Over 40 million individuals are facing the loss of food stamp benefits, roughly one in eight Americans. Roughly the same percentage of consumers are now facing recently reinstated student loan repayments after a near four-year taxpayer hiatus. The air traffic control network is getting increasingly stressed and many areas of the country are now seeing delays in air travel.
Despite this latest example of our dysfunctional government as well as narrow market breadth, equities continue to march to all-time highs. The NASDAQ tacked on another 2.2% to its rally last week and 4.7% in the month of October.
Investors continued belief in the AI revolution remains the main driver of the rally, although more chinks have started to develop in the AI narrative. OpenAI now has something like $1.4 trillion in commitments to purchase future computing power as the vendor-financing circle has reached extreme levels. Meta Platforms (META) had its worst one-day plunge in three years last week after third quarter results showed capital expenditures were running higher than expected.

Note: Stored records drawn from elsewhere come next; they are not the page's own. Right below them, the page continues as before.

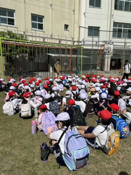 運動場で整列して元気に出発しました。
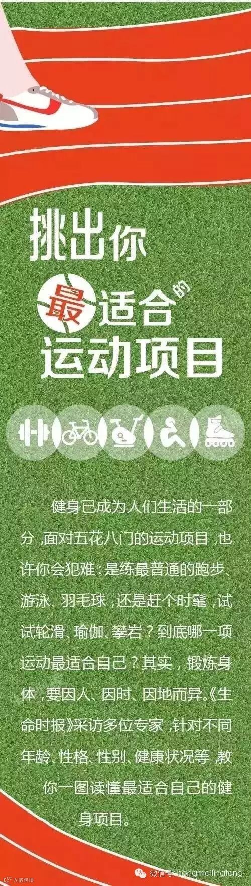 早起晨跑、下班健身、周末打球……运动已经成为很多人生活中必不可少的一部分。但面对五花八门的运动项目,也许你会犯难:是选择最普通的跑步、游泳、羽毛球呢,还是赶个时髦,试试轮滑、瑜伽、攀岩?到底哪项运动最适合自己?
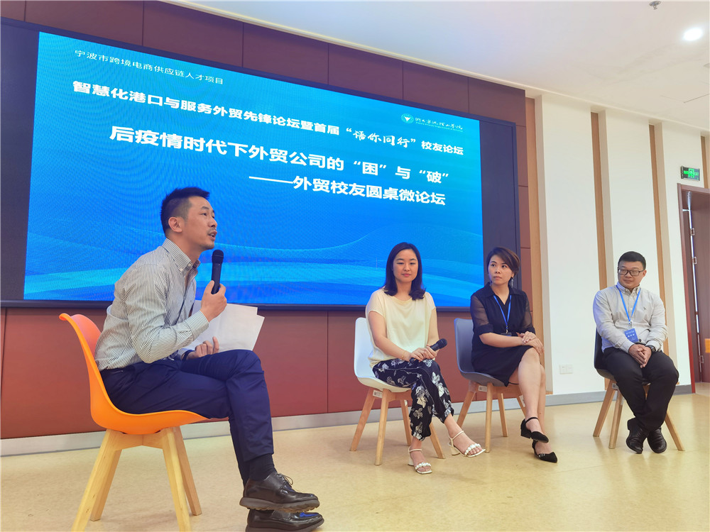 为期一天的论坛上,从事外贸服务的7名校友围绕“传统外贸企业如何转型升级”、“后疫情时代下的货运企业如何另辟蹊径谋求发展”、“如何规避外贸业务中的法律风险”以及“货运行业的行情分析及订船技巧”、“宁波跨境电商发展情况及产业分析”等大家关注的热点问题进行了主旨发言,通过分享自己公司转型的案例,总结开拓跨境电商的经验,分析货运行情和外贸业务中的法律风险,为校友企业如何结合宁波“225”外贸双万亿行动,利用“互联网+宁波制造+跨境贸易”优势,加快转型升级提供了思路和借鉴。在互动交流阶段,与会人员围绕后疫情时代下外贸公司的“困难”与“破局”、如何深度开发欧美发达国家细分市场、如何大力拓展“一带一路”沿线新兴市场进行了探讨。

The top 10% of households by income continues to be doing well, powered in large part by the huge increases in appreciation from equities and real estate since the pandemic. This cohort now powers roughly half of all consumer spending. Most of the rest of the consumer base continues to struggle. According to recent surveys, approximately two-thirds of Americans are living paycheck to paycheck. One key reason is that auto loans to prime debtors remain pristine, while delinquencies to non-prime auto loans are surging along with those on student loans. Auto repossessions are projected to top three million in 2025. The first time this has happened since 2009, in the middle of the Great Financial Crisis.
An investor can see these consumer struggles in many well-known consumer icons. Starbucks (SBUX) has seen same store sales on a year-over-year basis shrink for six straight quarters despite launching initiatives to drive more foot traffic to their stores, including makeovers in many locations. The company also announced some recent layoffs.

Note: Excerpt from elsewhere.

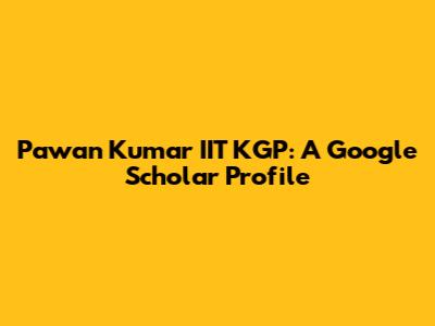 Pawan Kumar IIT KGP: A Google Scholar Profile
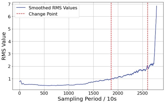 After obtaining the RMS curve, the PELT (Pruned Exact Linear Time) method is applied for bearing degradation state segmentation. PELT is an efficient change-point detection algorithm widely used in time-series analysis. It can quickly identify positions where significant changes occur in statistical characteristics such as mean and variance. The method has been applied in various fields, including finance, signal processing, and bioinformatics [34,35].

Chipotle Mexican Grill, Inc. (CMG) began the year forecasting mid-single digit increases for same store sales in 2025. Unfortunately, comparable store sales only grew .3% in the latest quarter against the same period in 2024. Operating margins shrunk 100 BPS to 15.9% as well in Q3. Management now projects same store sales will fall in the low single digits for FY2025.

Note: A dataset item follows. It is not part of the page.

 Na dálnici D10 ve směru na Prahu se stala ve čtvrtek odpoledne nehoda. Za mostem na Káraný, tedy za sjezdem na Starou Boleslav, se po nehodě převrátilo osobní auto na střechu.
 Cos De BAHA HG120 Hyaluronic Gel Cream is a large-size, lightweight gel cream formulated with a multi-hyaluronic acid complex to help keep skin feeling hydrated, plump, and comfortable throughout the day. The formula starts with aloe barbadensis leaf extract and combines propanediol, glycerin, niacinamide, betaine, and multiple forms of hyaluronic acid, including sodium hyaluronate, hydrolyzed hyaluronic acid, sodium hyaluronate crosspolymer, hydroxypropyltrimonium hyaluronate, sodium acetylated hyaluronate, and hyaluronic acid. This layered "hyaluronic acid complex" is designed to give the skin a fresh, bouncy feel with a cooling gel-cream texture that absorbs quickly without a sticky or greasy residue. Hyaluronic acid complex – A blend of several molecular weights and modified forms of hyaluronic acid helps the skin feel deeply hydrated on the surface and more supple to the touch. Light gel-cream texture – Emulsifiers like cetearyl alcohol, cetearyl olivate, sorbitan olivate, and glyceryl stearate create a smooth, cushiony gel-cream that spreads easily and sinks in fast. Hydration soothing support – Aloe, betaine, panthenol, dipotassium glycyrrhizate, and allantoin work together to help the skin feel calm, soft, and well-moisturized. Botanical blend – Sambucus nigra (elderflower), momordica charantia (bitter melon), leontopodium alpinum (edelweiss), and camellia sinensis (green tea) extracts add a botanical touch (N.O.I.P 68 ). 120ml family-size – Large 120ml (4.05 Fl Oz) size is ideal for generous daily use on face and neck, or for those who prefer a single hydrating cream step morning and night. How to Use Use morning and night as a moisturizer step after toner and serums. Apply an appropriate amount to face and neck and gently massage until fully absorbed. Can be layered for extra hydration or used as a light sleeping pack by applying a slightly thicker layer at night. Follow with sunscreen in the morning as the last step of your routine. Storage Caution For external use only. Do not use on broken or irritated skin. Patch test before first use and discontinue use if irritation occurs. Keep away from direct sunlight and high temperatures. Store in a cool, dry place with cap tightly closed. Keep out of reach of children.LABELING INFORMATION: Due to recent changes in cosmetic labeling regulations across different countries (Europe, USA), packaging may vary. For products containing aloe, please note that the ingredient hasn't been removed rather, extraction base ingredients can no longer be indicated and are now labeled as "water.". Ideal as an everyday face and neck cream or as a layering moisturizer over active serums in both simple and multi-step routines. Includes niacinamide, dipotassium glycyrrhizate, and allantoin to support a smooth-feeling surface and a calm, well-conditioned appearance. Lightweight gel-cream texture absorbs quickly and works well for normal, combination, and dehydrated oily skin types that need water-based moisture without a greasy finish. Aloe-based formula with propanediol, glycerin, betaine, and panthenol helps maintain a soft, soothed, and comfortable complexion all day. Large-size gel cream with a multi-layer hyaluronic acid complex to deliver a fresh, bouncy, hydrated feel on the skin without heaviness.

The Cheesecake Factory Incorporated (CAKE) also lowered its forecast last week and sees slower demand continuing at least through the end of FY2025 and into the first quarter of 2026. The once promising turnaround effort at Dave & Buster's Entertainment, Inc. (PLAY) has also started to clearly falter in recent months.
This all points to a weakening consumer, outside those households at the top of the income scale. And with consumers driving nearly 70% of U.S. economic activity, it points to some storm clouds ahead despite the boost to economy from surging AI related tech spending.
At the time of publication, Jensen had no positions in any securities mentioned.